Europe – Be Greedy When Others Are Fearful? (TOT, NOVN, ENI, FXE, AZN)

Author's Avatar
Dec 12, 2011
The Opportunity: We all know the reasons to be bearish on eurozone equities. It’s on the front cover of every paper and likely most of our clients/grandmothers/Occupy Wall Street-supporting friends could tell us why it’s a really stupid idea to buy European equities right now. Investing is the only activity I can think of when the majority are usually most wrong when they are most convinced. Now, I am of the opinion that most market participants and especially the politicians do not yet believe how grave the situation is — last Thursday and Friday the market cheered what was essentially an announcement that there would be more important announcements in the future. However, I also believe that with so much attention on the big picture, there are likely to be some attractive “risks worth taking” out there. So let’s assess the facts.


The fact is that there is probably no geography with as large and diverse a range of companies as Europe for active managers to capitalize on irrational investors, macro turmoil and rapidly changing political dynamics. Within Europe we have the resource rich Norwegians and the Swiss with their strong currencies, the dynamism of a young developing east including Turkey and Poland, the profligate, uncompetitive PIIGS and the bickering core countries of Germany and France calling the political shots.


By extension of this diverse opportunity set, there is no other market where stock picking can thrive to the same extent. Ruffer European has outperformed by 220% over the last eight years, Blackrock European by 40% in 5 years and Odey European has outperformed by 343% in the 14 years since inception! With countries possessing different currencies, differing growth rates, different demographics and different debt dynamics, there is likely always some company, industry, currency or country which is doing well relative to its neighbors.

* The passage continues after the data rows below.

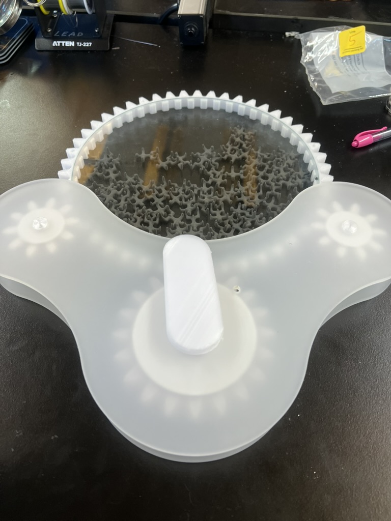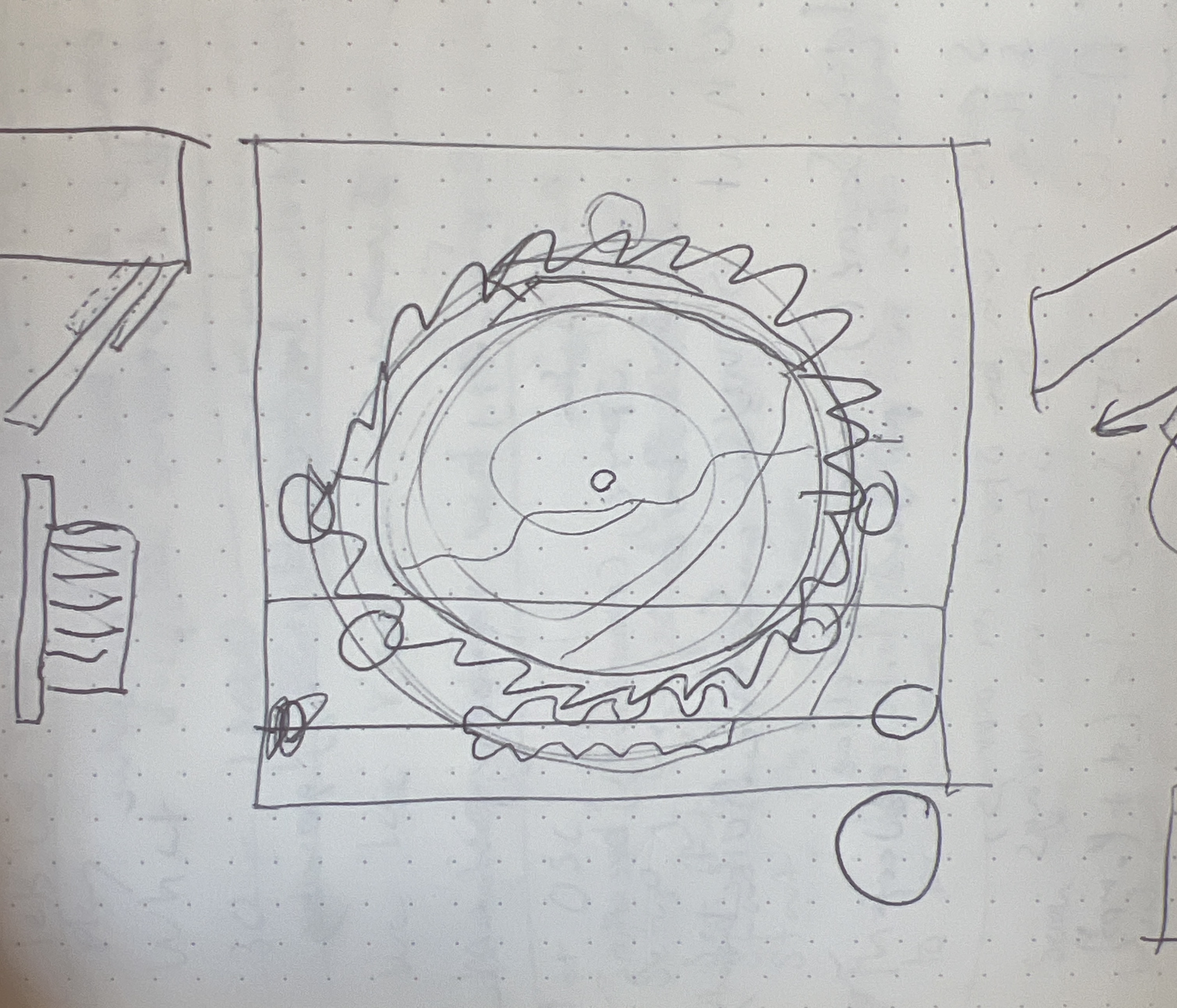 I iterated through a couple ideas on how to get the thing to spin and how exactly it would be an "automaton". I wanted it to spin and recreate itself for a long time, so I needed an energy storage and release mechenism. I also devised three points of contact, hoping to allow me to remove it from the top of the frame.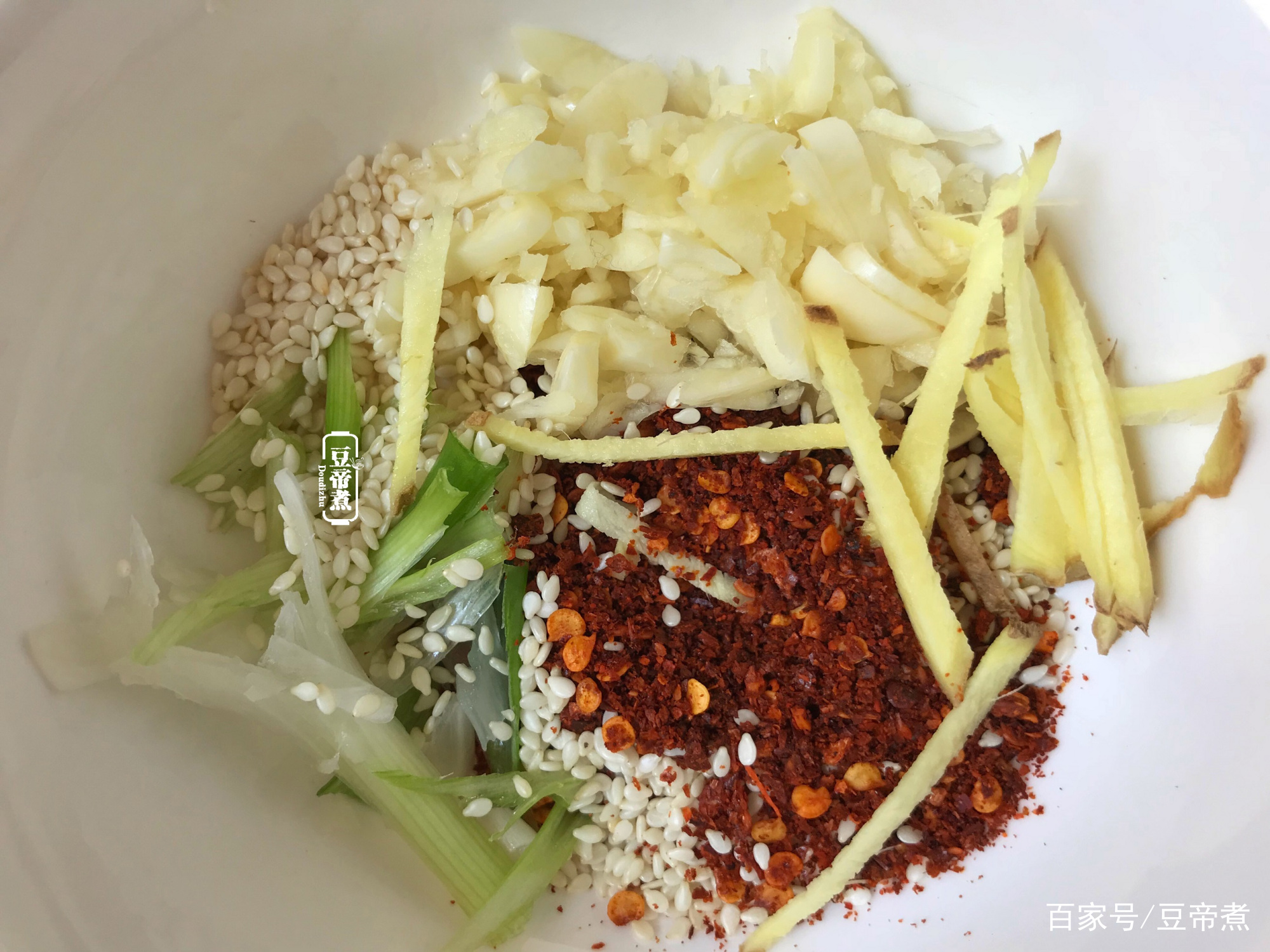 5、与个小碗把辣椒粉、老姜丝、黑芝麻战葱黑放正在一同,锅烧热少量油淋进。然后搅拌搅拌,待温度略微降落再参加盈余的调味料搅拌平均。
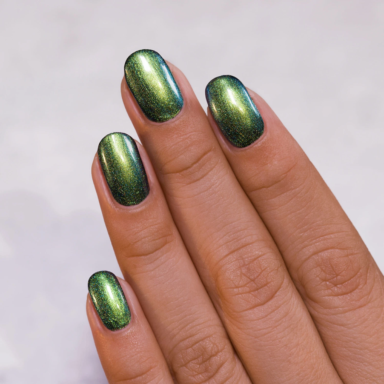 The new Reminisce (H) contains just the right amount of holographic splendor to add a beautiful rainbow sparkle to the polish. All without ruining the intense color shift effect!

Sentiment – EuroBulls, Where Are You?


At the moment there is a race on the part of fund managers to emphasize how little euro exposure they have. Like the financials in 2008 or U.S.-listed Chinese stocks this year, it has become a badge of honor to say you are avoiding Europe, pitching it to investors as a benefit of your “flexible” mandates.

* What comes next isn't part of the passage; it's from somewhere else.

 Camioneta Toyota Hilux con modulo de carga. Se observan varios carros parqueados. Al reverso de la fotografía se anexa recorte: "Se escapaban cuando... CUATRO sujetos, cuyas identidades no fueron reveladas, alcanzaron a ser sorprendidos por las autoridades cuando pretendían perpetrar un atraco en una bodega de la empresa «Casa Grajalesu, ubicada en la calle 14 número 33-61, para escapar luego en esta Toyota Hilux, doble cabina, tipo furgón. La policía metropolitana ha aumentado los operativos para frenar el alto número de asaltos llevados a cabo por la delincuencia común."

The chart below form Montanaro Fund Managers shows that investor sentiment on euro equities is back at crisis levels.


596965170.jpg


The institution that I work for currently has a large overweight U.S. equities, a near-zero weight in euro equities and a neutral on Swiss Equities. It is my impression that this is fairly representative of where most market participants are right now. The U.S. is a safe haven in comparison — earnings yields are way higher than the U.S. 10 year, there is some serious momentum in the relative outperformance of the trade — it’s the easiest call to make.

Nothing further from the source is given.